Среда, 25 мая 2022 06:53
Оцените материал
(1 Голосовать)

ЕЛЕНА СЕВРЮГИНА

БАБОЧКА, ЗАПРЯТАННАЯ В ГУСЕНИЦУ
(Савушкина Нина. Небесный лыжник. Книга стихов (Серия «Петроградская сторона») –
Санкт-Петербург, СПб ОО «Союз писателей Санкт-Петербурга»/ «Геликон Плюс», 2015. – 256 с.)

Для всех любителей изящной словесности и возвышенного поэтического слога знакомство с творчеством питерского поэта Нины Савушкиной станет настоящим потрясением, культурным шоком. Ни восторженного умиления от увиденной картины, ни «слюнявых» поэтических интонаций, ни вселенского катарсиса у этого поэта нет и в помине – зато в изрядном количестве присутствует язвительно-иронический взгляд на мир и воспевание его изнаночной, неприглядной стороны.

Отсюда тяготение к таким жанрам, как пародия, памфлет, стихотворный фельетон – но всё это на добротной постмодернистской закваске в сочетании с классической литературной традицией. В частности, сама Нина своим гуру считает известного уроженца Санкт-Петербурга Вячеслава Лейкина. Но о каких бы литературных влияниях мы ни говорили – главным достоинством поэзии Нины Савушкиной остаётся её самобытность, совершенно особенный (не каждым принимаемый) взгляд на мир. Впрочем, поэт и не должен нравиться всем – напротив, он должен иногда привносить в общество некий диссонанс, неожиданную кислинку на фоне господствующей щелочной среды. Не беда, если у некоторых неподготовленных читателей от этой кислоты начнётся несварение желудка. Зато потом выработается иммунитет, и опыт второго прочтения станет более удачным.

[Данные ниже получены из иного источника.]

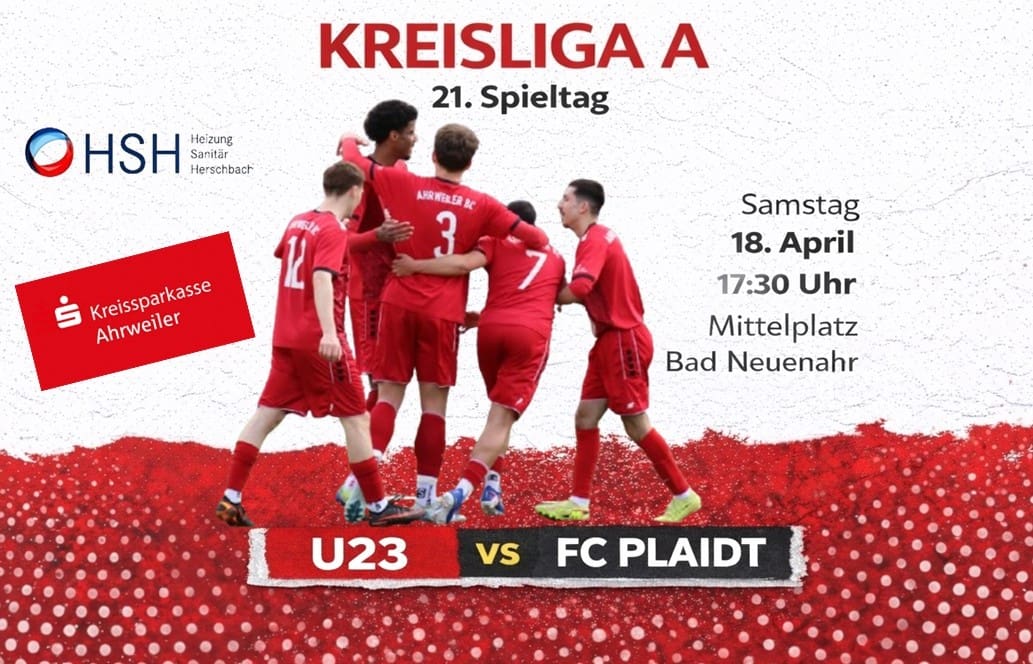Topspiel in der Kreisliga A: Die U23 des Ahrweiler BC steht vor einer richtungsweisenden Aufgabe. Am Samstagabend empfängt der Tabellenzweite den aktuellen Spitzenreiter und Meisterschaftsfavoriten FC Plaidt. Anstoß am 20. Spieltag ist um 17:30 Uhr in Bad Neuenahr (Mittelplatz).
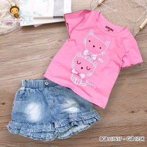 Áo thun mèo phối nơ quần jeans giả váy
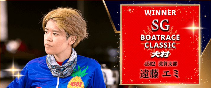 ボートレース発祥から約70年、歴史的な偉業が生まれた。大村ナイターでのSGボートレースクラシックを制したのは女子レーサー、遠藤エミだ。予選を1・3・1・1・3・2着のオール3連対でトップ通過した遠藤は、準優でイン逃げを決めてSG初優出をマーク。寺田千恵と横西奏恵に続く女子史上3人目(4件目)のSG優出を果たす。そして1号艇で迎えた優勝戦ではインからコンマ07のスタートで逃げ快勝。女子レーサー史上初のSG優勝を飾った。
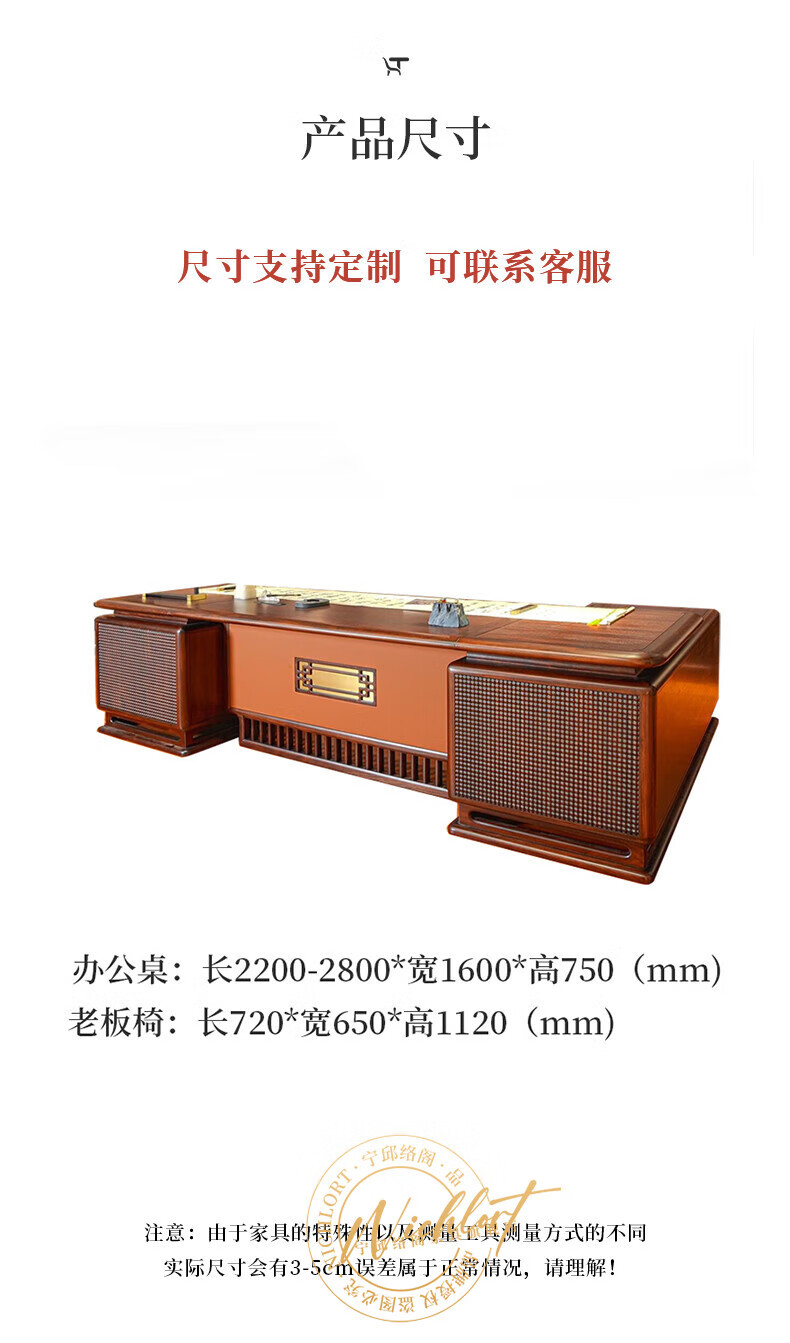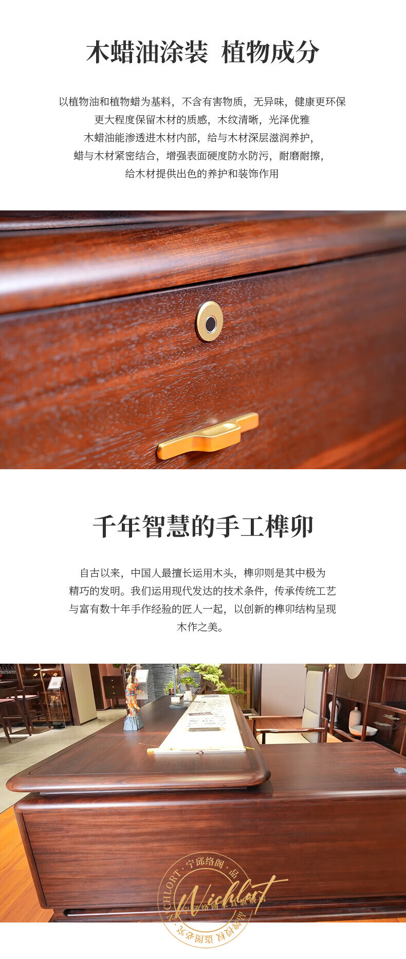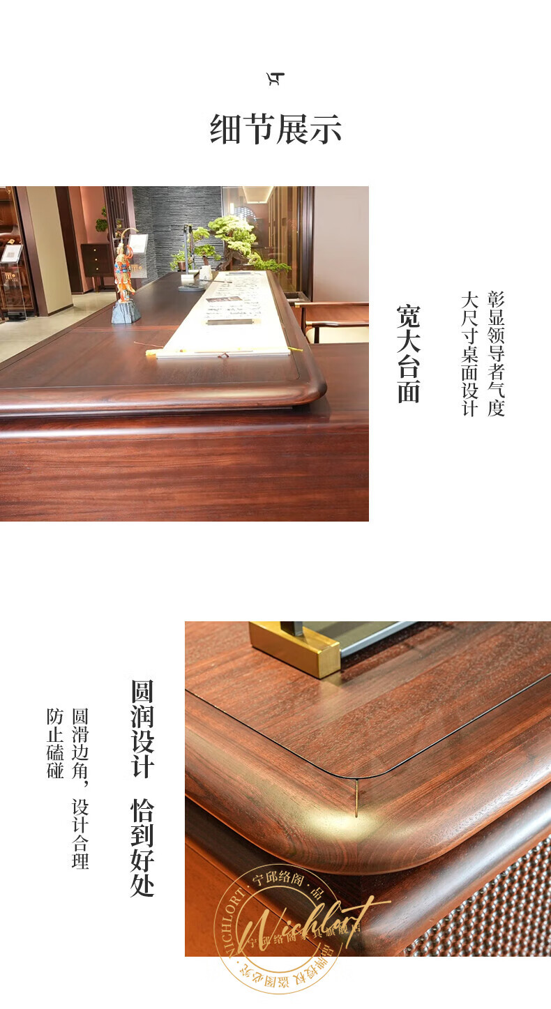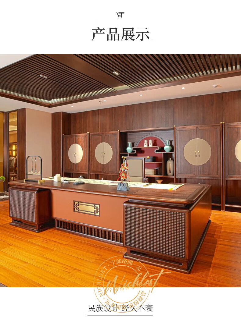 Ningqiu Luoge (NICHLORT) boss desk solid wood desk new Chinese style North American black walnut high-end chairman's office executive desk custom file cabinet

Если проводить литературные аналогии, то невольно всплывает имя знаменитого героя Ганса Христиана Андерсена. Нина Савушкина очень похожа на мальчика Кая, которому в глаз попал осколок льда, и от этого он всё начинает видеть в несколько искажённом свете. На её «свалке воспоминаний» мечутся птицы, «морды цветов скалятся по-собачьи», а небеса, подобно панталонам, сушатся на мёрзлых проводах. Но феномен в том, что эта вывернутая наизнанку вселенная со слегка уже гнилостным вкусом совсем не лишена изящества и по-своему притягательна. Возможно, дело в правде жизни и в искренности интонации, которую невозможно не ощутить.

Впрочем, было бы ошибочным приклеивать к Нине ярлык насмешницы и пересмешницы. Её книга «Небесный лыжник», получившая в 2015 году премию Анны Ахматовой, включает в себя избранные произведения, написанные за несколько десятилетий творческой жизни. Стихи первого раздела «Внутри часов» можно отнести к ранней лирике – тому периоду творчества, когда поэтесса была ещё «молодой и доброй», не обозлённой жизнью. Несмотря на то, что свойственные её художественному сознанию сквозные мотивы и характерные интонации ощутимы уже здесь, эту поэзию можно назвать утончённой, философской, глубоко прочувствованной.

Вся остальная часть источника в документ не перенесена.